On 3/16/06, Hans Hagen
3. Regression testing in pdfTeX: A change that only aims at e.g. performance enhancements should not alter the document. Many other changes of course will change it.
i think that you must define different levels of similarity:
- pure text: in that case a bitmap as already discussed is needed - functionality (annotations and such): that need to take place at the pdf level, i.e. filtering resources and descriptions and compare them (e.g. annotation names, rectangles, etc) - font resources
If we focus on differences between pdf documents and forget for the moment that we are using pdftex, these levels apply to a much wider class of documents. I suspect it is too early to know what sort of differences will occur, so the first step is to find tools to analyze differences between PDF documents. Many people who have never heard of pdftex would like to be able to compare PDF's and analyze the contents, so if you create a good initial framework there will be lots of help. I've never used the commercial preflight tools, but based on the 4th hand reports I get (printer operator --> cust. service --> editor --> me) I gather that the commercial tools can provide pretty detailed reports (e.g., figure on page N has yellow in the "black" annotation text). I'm not sure that rasterizing is the best approach. What about a ghostscript device that generates various debugging summaries. Some things that would be useful: 1. list of objects with md5sums and page numbers where the object is used -- this would be used to focus in on areas where documents differ. If files differ on a small number of pages then comparing bitmaps might be useful and economical of resources. 2. human readable summary of a specified object We already have tools to pull out specified pages and extract text.

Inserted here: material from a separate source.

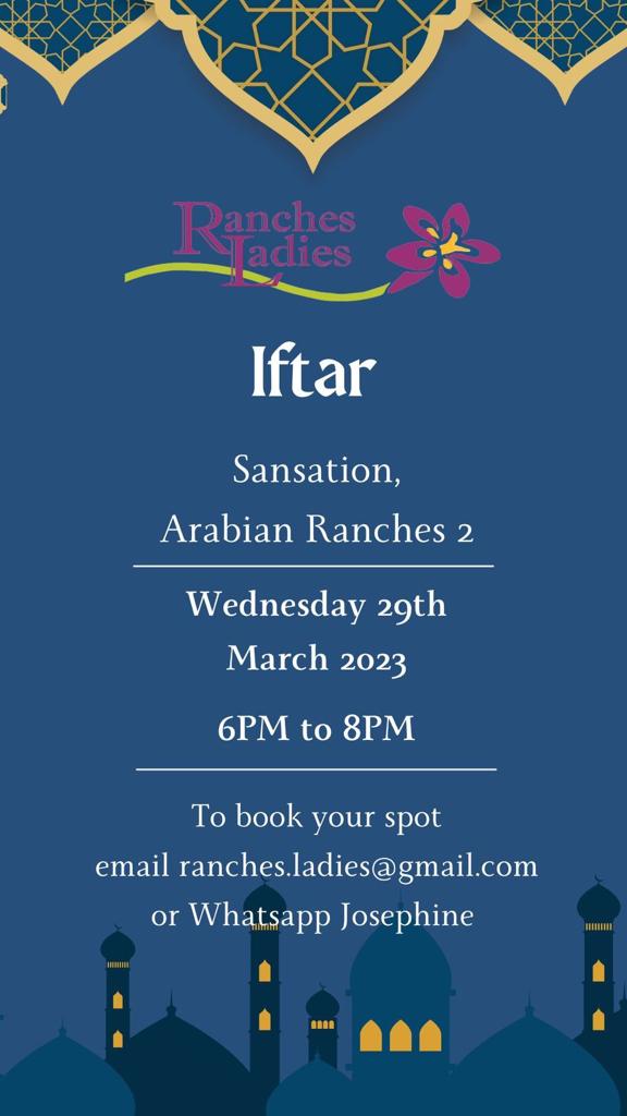 Ranches Ladies is organising an Iftar for all Ranches Ladies members on Wednesday, March 29, 6pm at Sansation Restaurant in Arabian Ranches 2.
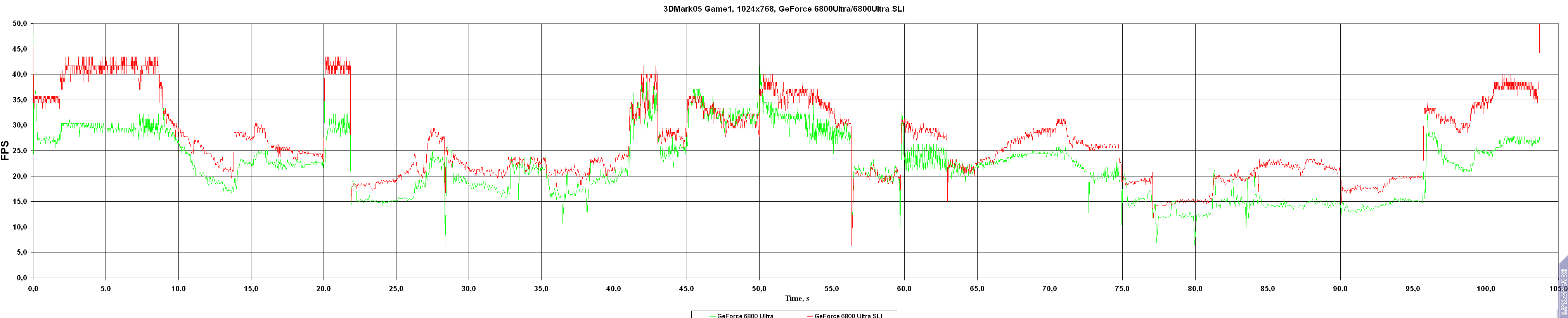 Частоты работы GeForce 6800 Ultra получались разгоном карт GeForce 6800GT (ДО УСТАНОВКИ SLI!) каждой в отдельности.

i can imagine that your test of text similarity is run with disabled interactive features
the second one could be an add=on for pdftex: a special log mode, where pdftex writes a file with all annotations (name, page, rectangle, maybe also the while dict) and a second one which lists all the used fonts, encoding files, map lines and glyphs (encoding subset)
It would be better to focus on things that can be used with other pdf
generating applications. Many pdftex documents have pdf's from
sources other than pdftex embedded. It would be worth thinking about
ways to add metadata to pdf's to help the analyzers, but if we rely on
the pdftex logs then we have to develop all the tools ourselves and if
the difference is in an input pdf our tools may not work. If we
produce a good framework I suspect the larger community of pdf users
will become engaged and accomplish much more than the pdftex
community can afford.
--
George N. White III